Among 2012 WNV isolates from this study, the number of deduced aa substitutions ranged from 4 to 13 when compared to WN-NY99, most of which are conservative changes. The transition T1442C is the non-silent mutation leading to the aa substitution E-V449A (V159A, in the Envelope protein numeration). This substitution is common for all WNV isolates collected in the U.S. since 2003, and therefore fixed in all strains of the WN02 and SW/WN03 genotypes. In addition to the aa substitution E-V449A, six WNV isolates shared NS2A-V1201I and 12 isolates shared the substitution NS2A-R1331K. Thirteen isolates reported here shared the substitution NS4B-I2513M (Table 3 and S3 Table). Analysis of the nt variation in the ORFs of the North American WNV dataset (n = 870, S1 Table) reveals increased evolutionary divergence from year to year (Fig 1). The estimated transition/transversion bias is 10.44 and the majority of the nt changes are transitions with relative rate 25.3 for U↔C and 7.2 for A↔G.
Y-axis: Substitutions per site. X-axis: Years. Blue line: average divergence over sequence pairs within years; the numbers of base substitutions per site from averaging over all sequence pairs within each year are shown. Red line: divergence over sequence pairs between 1999 and other years; the numbers of base substitutions per site from averaging over all sequence pairs between 1999 and other years are shown. Green line: estimates of net evolutionary divergence between groups of sequences, 1999–2012: the numbers of base substitutions per site from estimation of net average between groups of sequences corresponding to each year are shown.
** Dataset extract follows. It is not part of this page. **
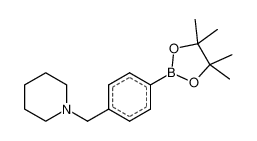 Product Name: 1-(4-(4,4,5,5-Tetramethyl-1,3,2-dioxaborolan-2-yl)benzyl)piperidine Order number: 207238 CAS: 859833-22-0 Purity: 98% Appearance: n.a. MF: C18H28BNO2 MW: 301.231 MP: n.a. oC Description: Boronic acids are widely used in organic chemistry, pharmaceuticals, materials science, and sensor technology. |
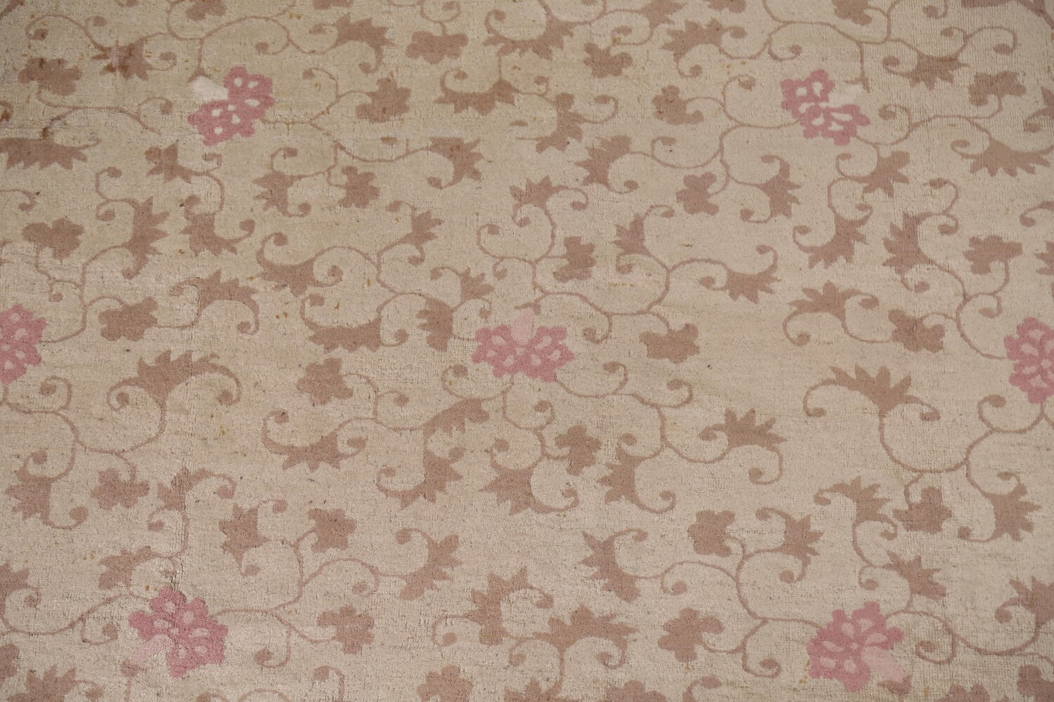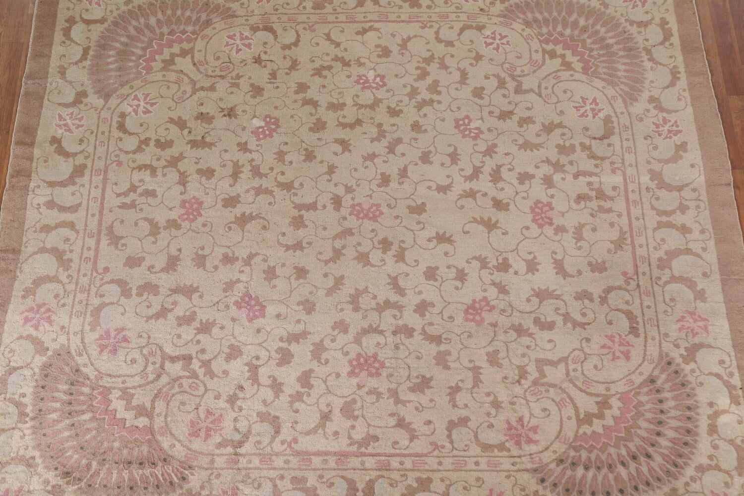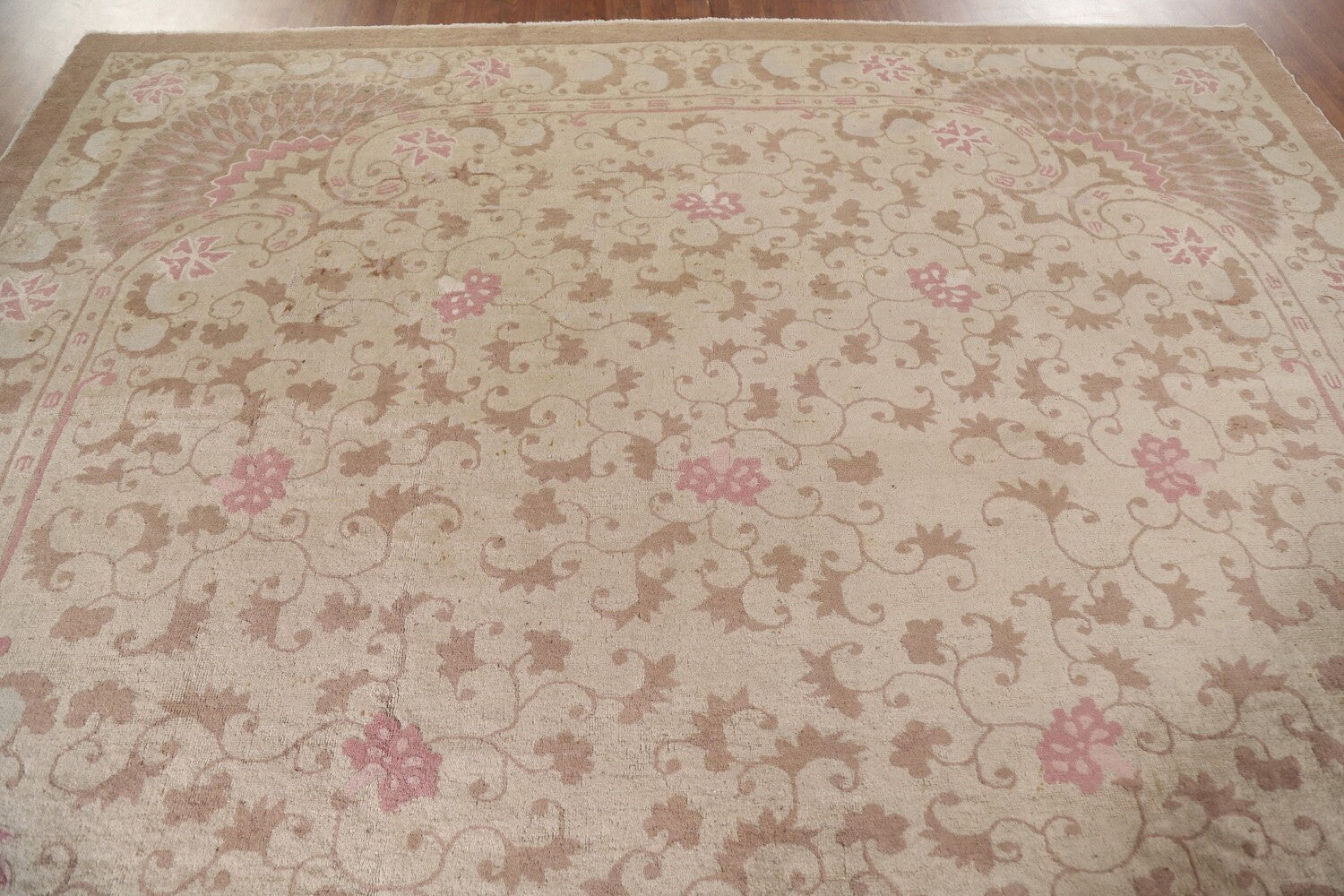 A Beautiful Genuine China Art Deco rug is Hand Knotted by skillful weavers in China with 100% Wool Material. This rug is in Very Good (Small Low Pile Area) condition. dimensions are 8' 7'' X 9' 2'' in foot and 262 X 279 in centimeter. the primary color is Beige & Ivories.

Analyses were conducted in MEGA6  using the Maximum Composite Likelihood model .
2. Phylogenetic analysis
Phylogenetic analysis was performed using the Maximum-likelihood method. In addition to the 19 WNV ORFs sequenced in this study, the North American WNV ORF sequences available from the GenBank database, as of September 2015, were included in the dataset (n = 870, S1 Table). We have analyzed the phylogeny of these sequences and identified, as expected, the presence of the common clades representing the North American WNV genotypes NY99, WN02 and SW/WN03, previously described in the course of study of WNV evolution in North America [11, 16–23, 28–39] (Fig 2 and S1 Fig). The 2012 WNV human isolates from this study are located within six nodes termed here “Node 1” to “Node 6”. Node-specific aa substitutions and geographical origin of isolates are shown in Fig 2 and S4 Table. We have observed that all WNV isolates reported here except BSL53 (KM012172), which is clustered in Node 6 within the SW/WN03 genotype, belong to the WN02 genotype. All studied isolates carried the common North American WNV aa substitution E-V159A which is fixed in the WN02 and SW/WN03 genotypes and present in all WNV strains collected in the U.S. since 2003.
WNV genotypes are color-coded as NY99 (black), INTermediate (orange), WN02 (blue), SW/WN03 (purple) and cluster MW/WN06 (red). All WNV sequences derived from this study are labeled by black diamonds, and Nodes 1 to 6 containing these sequences are highlighted in green and shown in detail. Taxon names correspond to GenBank accession numbers and years of collection. Node-specific amino acid substitutions are shown for each node (see also S4 Table). For each node, states shown in red in the adjacent U.S. map are those from which strains have been isolated.
Analysis of the entire ORF of WNV isolates circulating in the U.S. has shown that two isolates from AZ, BSL05 (KM012170) and BSL80 (KM012174), clustered together with previously published isolates from AZ in Node 2, and an isolate from CA, BSL85 (KM012175), clustered with other isolates from CA in Node 5. We found that the WNV isolate BSL178 from LA (KM012181) was associated with Node 3, which mainly consisted of previously published WNV strains collected from TX in 2012 [22, 23] and two 2012 isolates from CO. WNV strains presented in Node 3 shared up to nine aa substitutions. Surprisingly, many of the published 2012 isolates (n = 27) were clustered within Node 4 together with 13 genetically related WNV isolates from this study collected from 10 states: ND, SD, WY, TX, MS, GA, NM, OH, NE and IL. All WNV strains from Node 4, except KM012188 and KJ501532, shared the NS2A-R188K aa substitution in addition to the common E-V159A. Other node-specific aa substitutions are shown in S4 Table.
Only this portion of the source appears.